Bumbling About
A very interesting day with two separate talks which linked up nicely. Before the first talk at the library I drove in to town and got a couple of things done at the Post Office before spending an hour at the charity shop. The library talk was about the Deep History Coast which runs round Norfolk from the Wash to the North Norfolk Coast, then down the east coast as far as Suffolk. The speaker has written a book on the subject, which I must get. The talk covered the geology of the coast, what it used to look like (linked to the continent by Doggerland), what formed it, and what has been found such as the sea henges and the oldest human footprints found fossilized at Happisburgh (850,000 to 950,000 years old).

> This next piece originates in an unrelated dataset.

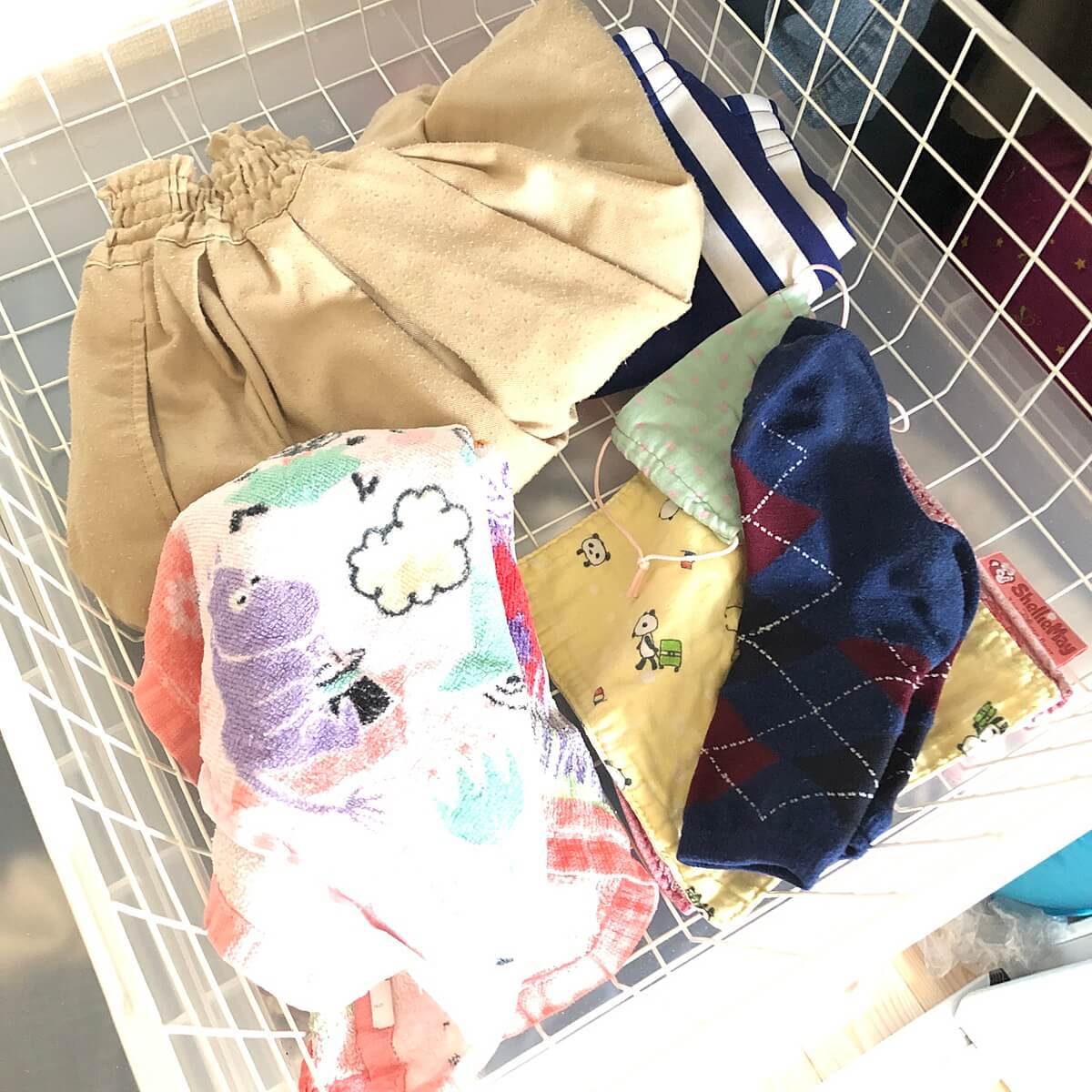 ボトムスと小物類は、乾いたら「一時置きのかご」に移動します。

I hadn't realised that Norfolk uniquely in the UK has evidence of four distinct human species (Pioneer Man, Heidelberg Man, Neanderthals and modern humans). He also talked about their desire for a museum on the subject, which would be great.
The second talk was a Lunch Lecture at Cley Visitor Centre on Fossils of the East of England by Matthew Staitis, a PhD student and geoscientist at the UEA. His talk focussed on how the geology of our coast, the fossil record onshore, and analysis of offshore extracted sediment cores, is being used to analyse past climate events so we can predict the future. There are three broad predictions on climate change regarding the rise in temperature according to what action we take to limit CO2 emissions. The Paris agreement was aiming for limiting the rise to 1.5C. They can tell this last happened 100,000-125000 years ago when the local geological record shows that sea levels were 5m higher and Norwich was 0.5-1.5C warmer. The 2nd 'middle of the road' scenario (and we look like we'll exceed 1.5C) last happened 3 million years ago and the fossil record implies the temperature was 3C higher locally. All of the East of England would be under sea with the east coast moving nearer to Cambridge. East Anglia's average rainfall now is 627mm and then it was almost double at 1347mm ('a warmer World is a wetter World'). The 3rd 'extreme' scenario is a temperature over 10C higher, which last happened 53 million years ago. The East coast would now be nearing Birmingham and the fossil record implies the temperature at Norwich was 14C higher.
He told us that global warming is happening more quickly than the planet can respond to it. He said his PhD is about the biggest sudden spike in temperature we know about and the fossil record we have from that time. However, that worst spike from the past happened 10x more slowly than the change happening today. The positive point is that the three scenarios are predictions of what will happen if we take action to limit the rise to 1.5C; we don't take enough action; and we carry on as we are. There is a lag between our actions increasing CO2 and that having an effect, so we have a little bit of time to change our ways. If it rises above 1.5C and then slows / stops, it still wouldn't return to current levels and temperatures for a very long time - the caveat is that we might find a way to capture carbon and speed up that process. A brilliant, if scary talk which very nicely dovetailed with the talk in the morning.